Among the comments was an entry from a person bragging they hadn't paid taxes in more than 30 years -- we really think the Web is anonymous!
The Web isn't some autonomous body that operates beyond the law -- though for years people have looked at it that way. With privacy problems, there is a growing possibility that the U.S. government will step in to regulate what can be gathered in the way of user information.
The U.K. Culture Minister Barbara Follett "wants an 'age identification card' for online access and pre-screening of user-generated content uploads. Don't expect things to stop there. Once the mode of delivery is regulated in a way to facilitate official oversight, expect direct regulation of content next," a libertarian blog pointed out recently.
Yahoo was fined in Belgium for not sharing e-mails of people using a Yahoo address to perpetrate fraud, WAtoday.com.au reported.
The Australian government has already started a censorship trial, with one of their national ISPs signing up.
"Senator Conroy -- despite his promises before Labor was elected that people would be able to opt out of any internet filters -- has said the first tier of the Government's censorship policy will be compulsory for all.

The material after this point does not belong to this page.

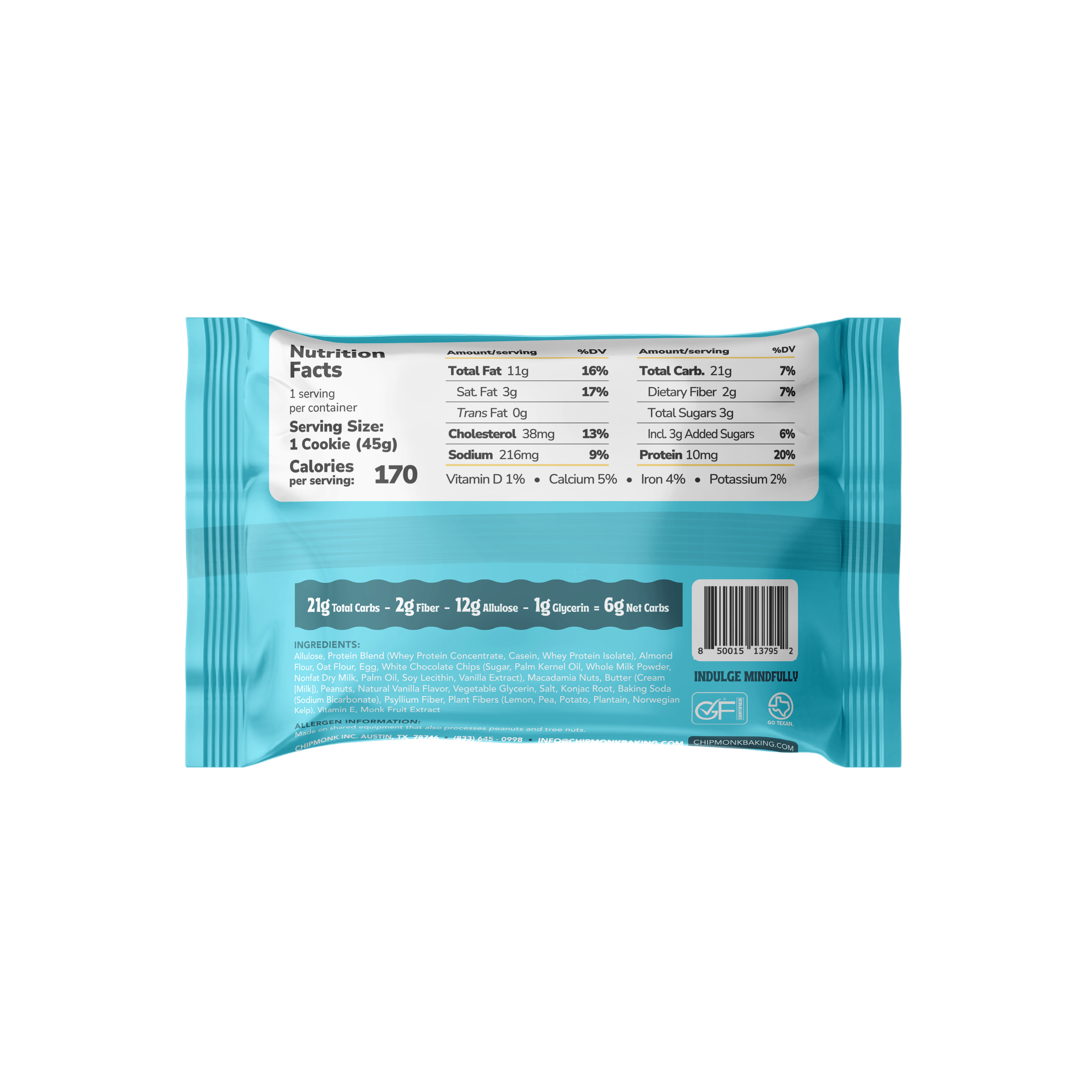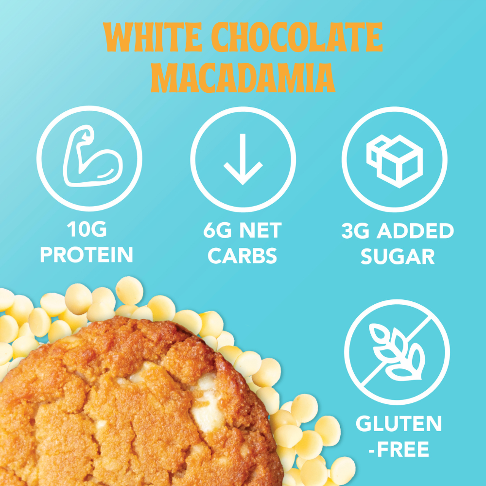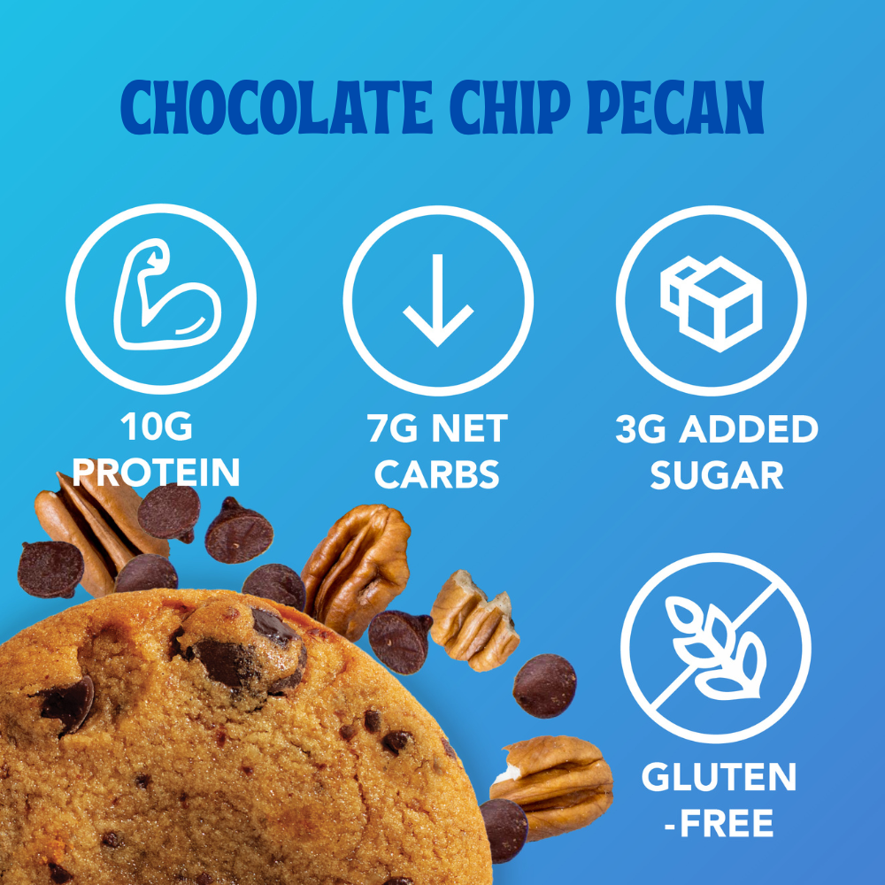 Variety Pack Includes: Chocolate Chip Pecan, White Chocolate Macadamia, & Peanut Butter Protein Cookies

This would block all 'illegal' and 'inappropriate' material, as determined in part by a secret blacklist administered by the Australian Communications and Media Authority. A second tier would filter out content deemed harmful for children, such as pornography, but this would be optional for Internet users," the online Australian newspaper reported.
This type of regulation should have a major impact on the Web. In the U.S., the Interactive Advertising Bureau has encouraged self-regulation to ensure consumer privacy protection, but it seems the industry is dragging its feet and may soon fall under the rules of the government.

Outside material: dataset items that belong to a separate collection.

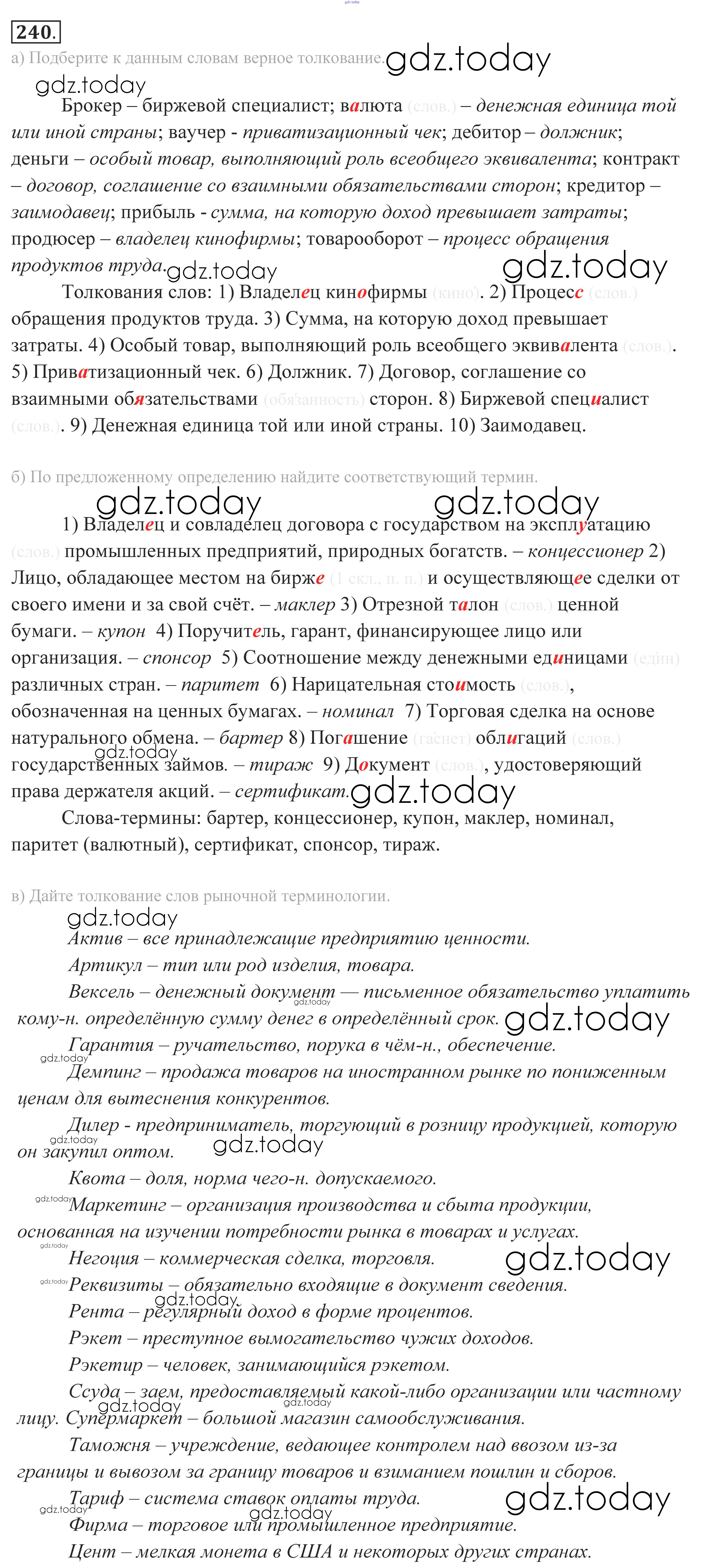 На страницах сайта gdz.today вы найдете учебный и вспомогательный материал, направленный на улучшения знаний школьной программы. ГДЗ - онлайн мир знаний Решение к упражнениям 240 Учебнику по Русскому языку для 10-11 класса Власенков, Рыбченкова Базовый уровень Просвещение 2014
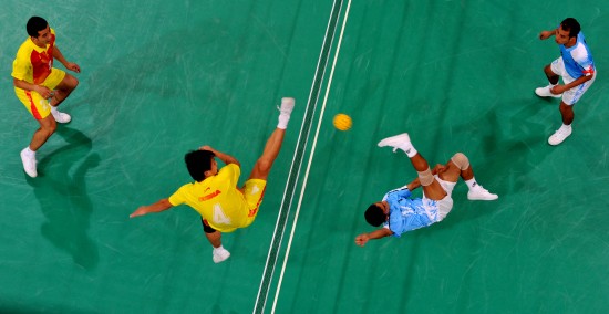 11月26日,中国选手周海洋(左二)在比赛中防守。当日,在广州进行的第16届亚运会藤球男子双人预赛中,中国队以2比1战胜印度队。
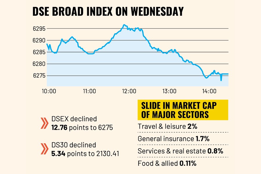At the end of the session, the DSEX settled at 6,275 points with a loss of 0.20 per cent or 12.76 points.
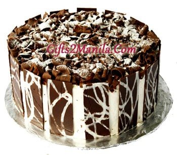 A chocolate cake with just the right sweetness Chocolate chiffon cake on a meringue wafer base covered with whipped cream and decorated with chocolate shaving and fences.Size: 8 Inches Round
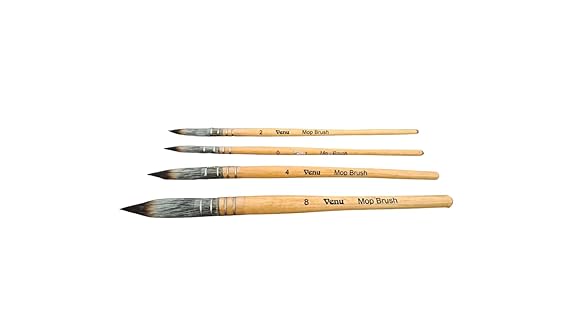 Venu Art Synthetic Hair Mop Brush for Painting, Watercolour and Wooden Paintbrush Set Paint Brushes for Artists, Set of 4
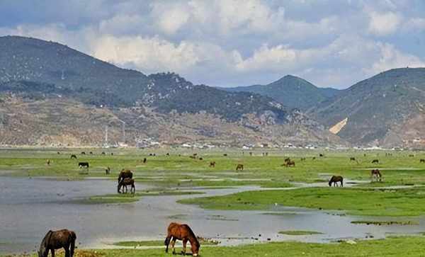我们又去了纳帕海,这是一个草海和沼泽地,雨季的时候,这里汪洋一片,旱季水退去就成了一望无际的草海,可以放牧。远处是群山,近处的草地有一汪一汪的水,天上还下着零星小雨点,只能骑马走一圈了。又是骑马,都骑了好几回了,这香格里拉之旅,似乎都在马背上。是啊,高原湖泊和草甸还在原始状态,没有修路,要深入进去看,就得骑马。牵马的有老人也有孩子,为我牵马的是一位脸上布满皱纹的藏族老妈妈,在沼泽地上深一脚浅一脚地走着,老妈妈的脸上写着沧桑,看样子日子过得很艰难。我有点不太忍心,早点要求返回了。

"Lawmakers, including Rep. Rick Boucher (D-Virginia), the chairman of the House Subcommittee on Communications, Technology, are pushing for greater regulation and the implementation of more aggressive opt-in policies. The goal is better consumer privacy protection, and the target: online behavioral targeting practices. It's pretty clear the IAB and other online marketers need to get serious about educating consumers about targeting and its parameters, or there will be further regulation," digiday has reported.

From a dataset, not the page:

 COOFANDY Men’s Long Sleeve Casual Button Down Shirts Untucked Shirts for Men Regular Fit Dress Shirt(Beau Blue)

We all gripe about Google being the Borg of our industry, but a government intervention may not be a pretty thing. Will it be like the Ma Bell breakup back in the '80s? Could it see even more jobs lost in our space?
Government involvement in our daily lives isn't always a bad thing -- but this could be a scary one. It isn't hard to see how little our leaders know about the Web. Putting its future in their hands could be a mistake.
Maybe it's time for us to become a little more proactive and get in there and do something. Sitting around doing nothing rarely leads to success.
Chris Boggs Fires Back
Frank, great insight! This all almost makes buying links seem a little benign, doesn't it?
You'd think that the Internet is becoming a safer place as a result of the predatory laws going into effect. Hopefully, this kind of thing has completely dissipated by the time my daughter gets older, but full safety will need legislation along the lines of what Barbara Follett is suggesting.
I'm glad to see that my motherland Belgium is taking a tough stance here too (I was born in Liege). Frankly, I'd be very happy to regulate my children's online neighborhood more assuredly than the current systems, which obviously have exploitable loopholes.
Speaking of loopholes, what about SEO as related to advertising laws? "Truth in advertising" and "full disclosure" are two looming concepts.
Indexed pages with outdated offerings and the continuance of pay-for-post and other unmarked advertising links will only grow as Webmasters further realize their earning potential.
These are a couple potential future discussions that have simmered in the past, and could definitely lead to government intervention. Of course, we've also discussed setting up standards for SEO in the past, which probably should still be done in order to preempt further government "nosiness."
SES San Jose this year has a few great "future" panels and the buzz around these topics will all continue to grow.